March 17, 2016

Dead Zones & Drinking Water, Part 3: the Illinois Nutrient Loss Reduction Strategy

Jonathan Coppess

Department of Agricultural and Consumer Economics
University of Illinois

farmdoc daily (6):53

Recommended citation format: Coppess, J. "Dead Zones & Drinking Water, Part 3: the Illinois Nutrient Loss Reduction Strategy." farmdoc daily (6):53, Department of Agricultural and Consumer Economics, University of Illinois at Urbana-Champaign, March 17, 2016.


On July 21, 2015, Illinois officially released its Nutrient Loss Reduction Strategy designed to improve water quality in Illinois and the Gulf of Mexico by reducing phosphorus and nitrogen losses from both point sources and non-point sources, including from farm fields.
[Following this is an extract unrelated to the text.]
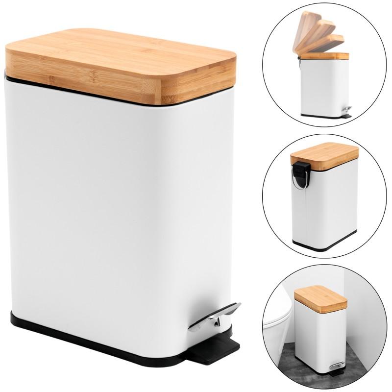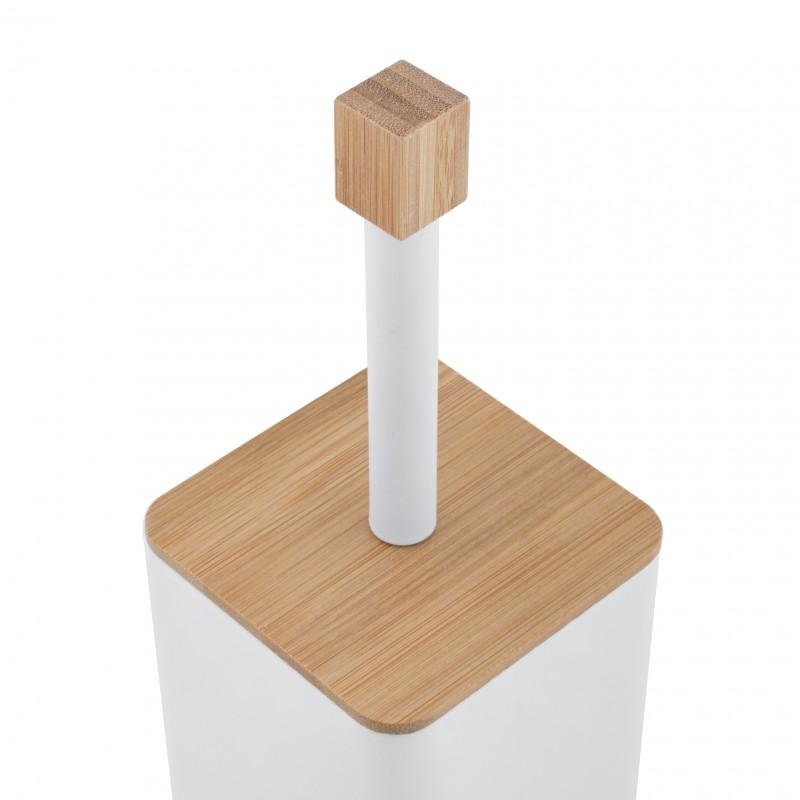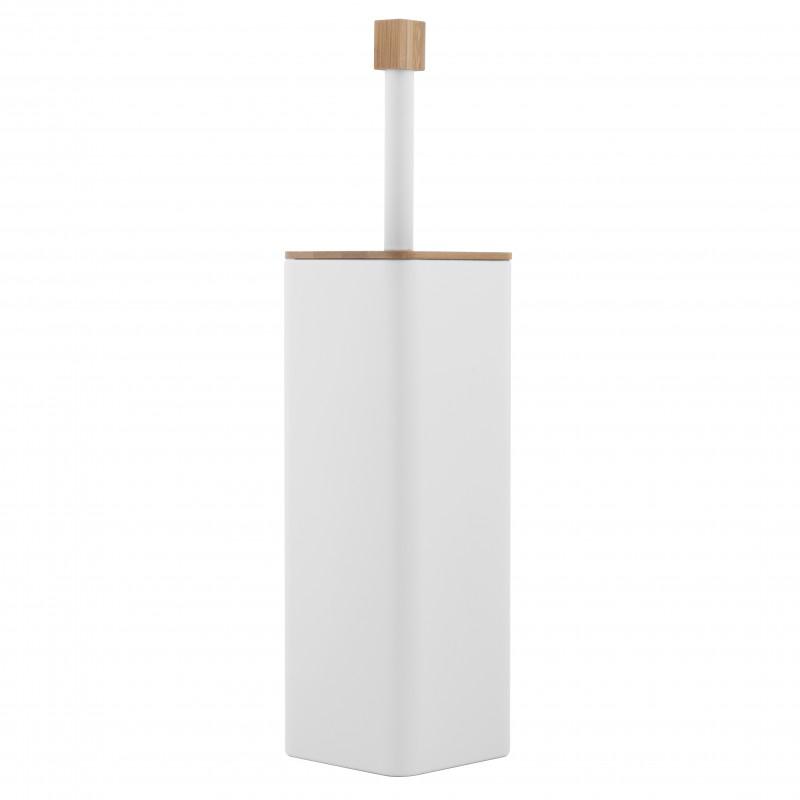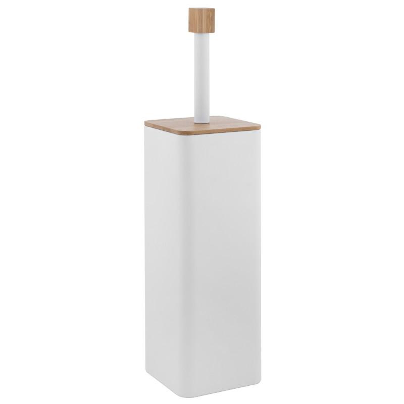 Szczotka do WC wykonana z wysokiej jakości stali malowanej na biało z elementami naturalnego drewna bambusowego. Wewnątrz pojemnika znajduje się wyjmowana plastikowa osłonka na ociekającą wodę, dzięki czemu pojemnik na szczotkę wewnątrz jest suchy i czysty. Szczotka doskonale pasuje do łazienki zarówno w stylu boho jak i w stylu nowoczesnym, bądź klasycznym.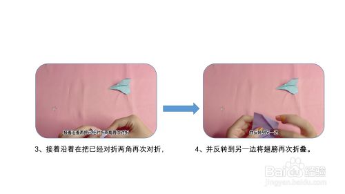 接着沿着在把已经对折两角再次对折,并反转到另一边将翅膀再次折叠。

This article, the third in the series, reviews the Illinois Nutrient Loss Reduction Strategy (INLRS) as it pertains to farming and nitrate-N loss.

The ultimate goal of the INLRS is to reduce nutrient loss by 45 percent as measured against the average annual loading of nitrate-N and total phosphorus as against the baseline loading of 1980 to 1996. The interim goals are 15 percent by 2025 for nitrate-nitrogen and 25 percent by 2025 for total phosphorus. The strategy seeks an equal 45 percent reduction across all eight-digit Hydrologic Unit Code watersheds (figure 3.11 from the INLRS), but given annual variability, it will measure progress towards the goal using five-year running averages. The INLRS is in response to both the Gulf Hypoxia Action Plan 2008 and the U.S. Environmental Protection Agency's 2011 memorandum regarding a Framework for State Nutrient Reductions.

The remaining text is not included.